Emanuel is watching as Tomasz tunes his guitar. Then Tomasz passes him the guitar and starts showing him some basic chords. Vitaly gets out his stash of lager and his cash box. Ciocia Yola has put on her clean mauve-ribbonned knickers from the washing line, a short frilly skirt and a low-cut blouse. No doubt this is all for her lover’s benefit. Marta doesn’t know what her aunt sees in the farmer. Dumpling, she calls him. He is more like a suet pudding. If you’re going to commit fornication with a man, you may as well choose one who is nice-looking. But no doubt God will forgive her. He’s good that way.

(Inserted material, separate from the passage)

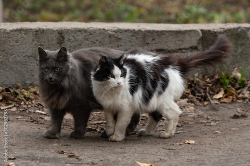 © spritnyuk, Obraz premium two cats siting on the street . grey cat . black and white cat

Then Chinese Girl One bangs the side of a pan as though it were a gong, and they all take their places around the fire in anticipation of Malta ’s feast.
Down in the valley, a summery haze shimmers over the treetops and shadows are already gathering. The cut-crystal brilliance of the light becomes soft and muted, as though shining through layers of silk. The silver streamers of clouds have turned to pink, but the sky is still bright, and the sun has an hour or so to go before it touches the treetops. It is almost midsummer. A thrush sits on the branch of an ash tree in the copse, singing his heart out, and from the far side of the copse his mate calls back. It is the only sound to break the stillness, apart from the sound of a dog barking in the woods far away.